(最小点覆盖) poj 2226

H - Muddy Fields
Time Limit:1000MS     Memory Limit:65536KB     64bit IO Format:%I64d & %I64u

Description

Rain has pummeled the cows' field, a rectangular grid of R rows and C columns (1 <= R <= 50, 1 <= C <= 50). While good for the grass, the rain makes some patches of bare earth quite muddy. The cows, being meticulous grazers, don't want to get their hooves dirty while they eat. 

To prevent those muddy hooves, Farmer John will place a number of wooden boards over the muddy parts of the cows' field.
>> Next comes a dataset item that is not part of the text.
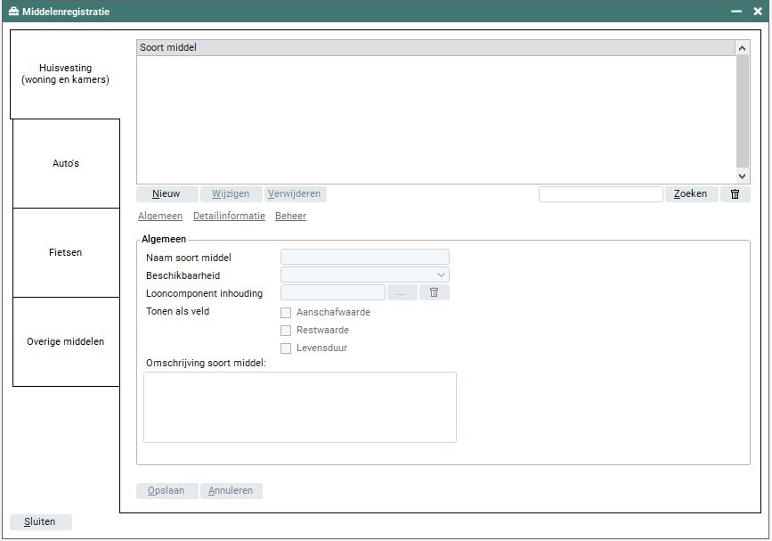Dit zijn de sub-tabbladen welke per soort middel gebruikt kan worden. Standaard opent het scherm in het sub-tabblad 'Algemeen'. Om naar 'Detailinformatie' of 'Beheer' te kunnen gaan dien je het soort middel eerst op te slaan.

Each of the boards is 1 unit wide, and can be any length long. Each board must be aligned parallel to one of the sides of the field. 

Farmer John wishes to minimize the number of boards needed to cover the muddy spots, some of which might require more than one board to cover. The boards may not cover any grass and deprive the cows of grazing area but they can overlap each other. 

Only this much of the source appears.